Exercise directions - With the pictures omitted, write out all of the listing exactly.

Given data -
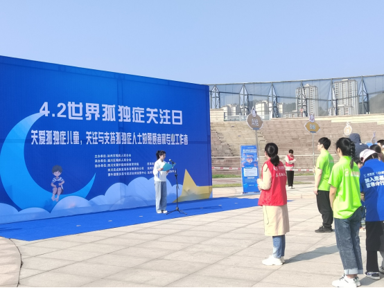在世界第16个孤独症关注日来临之际,为动员全社会力量关心帮助孤独症人士,4月1日上午,永利官网特殊教育专业师生参与由达州市残疾人联合会主办的达州市2023年世界孤独症关注日主题宣传活动“爱让世界蓝起来—蓝色行动”。本次活动在巴山大剧院广场举行,70余名孤独症儿童及亲属、社会志愿者共计200余人参加此次活动。
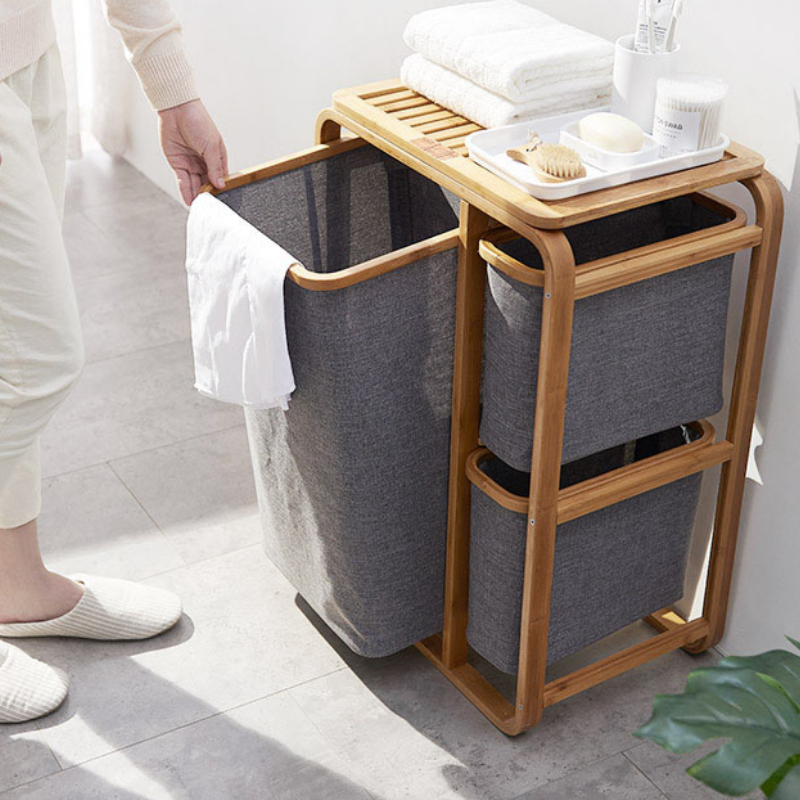 Ce panier vous offre une grande capacité de stockage grâce à ses trois compartiments. Cela vous permettra une excellente organisation et un trie très facile de votre linge sale. Leur trois tailles différentes vous permettront de répondre à tous vos besoins. Son design élégant en bambou et tissu vous permettront de décorer votre pièce de façon élégante, que ce soit dans la salle de bain ou dans une chambre par exemple.
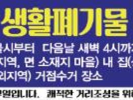 거제시는 내년 1월 1일, 신정 휴일에는 생활폐기물 수거 대행업체의 휴무가 시행됨에 따라 일반생활·음식·재활용, 대형생활폐기물이 수거되지 않는다고 밝혔다. 이에 따라 생활폐기물은 오는 12월 31일에는
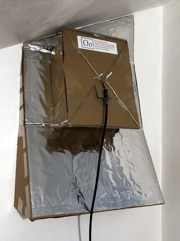 Over the last couple of years, I’ve constructed many homemade TV antennas using aluminum foil, wire, cardboard, glue, and twist ties. I wouldn’t dream of using most of these materials outdoors! But the four antennas you’ll see here get us 12 stations and over 60 channels from Madison, Wisconsin (35 miles away by air) and Rockford, Illinois (27 miles away). A switch is used to receive either Rockford UHF, or Madison UHF along with VHF.

Response -
在世界第16个孤独症关注日来临之际,为动员全社会力量关心帮助孤独症人士,4月1日上午,永利官网特殊教育专业师生参与由达州市残疾人联合会主办的达州市2023年世界孤独症关注日主题宣传活动“爱让世界蓝起来—蓝色行动”。本次活动在巴山大剧院广场举行,70余名孤独症儿童及亲属、社会志愿者共计200余人参加此次活动。
 Ce panier vous offre une grande capacité de stockage grâce à ses trois compartiments. Cela vous permettra une excellente organisation et un trie très facile de votre linge sale. Leur trois tailles différentes vous permettront de répondre à tous vos besoins. Son design élégant en bambou et tissu vous permettront de décorer votre pièce de façon élégante, que ce soit dans la salle de bain ou dans une chambre par exemple.
 거제시는 내년 1월 1일, 신정 휴일에는 생활폐기물 수거 대행업체의 휴무가 시행됨에 따라 일반생활·음식·재활용, 대형생활폐기물이 수거되지 않는다고 밝혔다. 이에 따라 생활폐기물은 오는 12월 31일에는
 Over the last couple of years, I’ve constructed many homemade TV antennas using aluminum foil, wire, cardboard, glue, and twist ties. I wouldn’t dream of using most of these materials outdoors! But the four antennas you’ll see here get us 12 stations and over 60 channels from Madison, Wisconsin (35 miles away by air) and Rockford, Illinois (27 miles away). A switch is used to receive either Rockford UHF, or Madison UHF along with VHF.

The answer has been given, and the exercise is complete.